The way this control technique is implemented is by (1) selecting the probabilities predicted for the allowed tokens, (2) placing them in a new distribution of their own through a normalization step, and (3) sampling from that new distribution as if no other token exists, before moving on to generating another token. It’s quite straightforward and infinitely cheaper than fine-tuning or RLHF, but it can be argued not to be that flexible.

A final family of techniques attempts to apply some post-hoc edits to the probability distribution predicted by the model so as to increase the likelihood of following certain patterns. If those are the suggested probabilities for upcoming tokens, let’s perhaps slightly boost the values of positive one-token-completions (e.g. “This movie is amazing/awesome/fantastic”), in an attempt to nudge the whole text into depicting a more positive outlook. Alternatively, we might boost the probabilities (before renormalizing, of course) of micro-completions related in meaning to a given topic, in an attempt to steer the model towards talking about it. Similar to the RL approach, if you can recognize it, you can encourage it. However, this after-the-fact style of reshaping the probability distribution doesn’t touch the model’s weights, while the RL approach is all about actively training the model to further an objective.

Unfortunately, it seems that directly mutating the probabilities predicted by the model is a bit too brutal, leading to a loss of coherence in the resulting text. It might start frantically regurgitating positive terms or items from a bag of words centered around a topic, therefore having limited usefulness. However, it turns out that if you momentarily follow the gradients of the latest key-value vectors with respect to the given discriminator, you can preserve fluency while still steering the model into a given direction. Unfortunately, this is quite costly at inference time, costlier than just running traditional inference with a static model obtained through fine-tuning or reinforcement learning. Still, a useful tool in our arsenal, especially with some future optimizations.

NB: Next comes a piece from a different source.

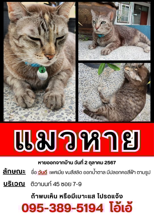 วันที่หาย: 17/09/2567 05:20 น.

It’s possible to mix and match the above control techniques in funky ways. As mentioned before, InstructGPT arguably mixes the first three, while dual mixes prompt engineering (for skills), fine-tuning (on the user’s notes), and token pool limits (for slot filling). Could you perhaps conduct argument mining by quoting excerpts from a corpus which are nudged into contradicting a given claim? Could you perhaps use reinforcement learning to tweak a language model to help itself find solutions and answers, forcing a self-play paradigm with an oneironomicon vibe?

Of course, the “surveylet” above includes maybe less than half of all known paradigms for controlling those models, while disregarding maybe 90% of the nuance. “All known paradigms” likely only accounts for a fraction of all possible ways of doing this, if you start following Frank Drake’s pattern. Despite its limitations, I hope you find this synthesis useful in orienting yourself around this niche.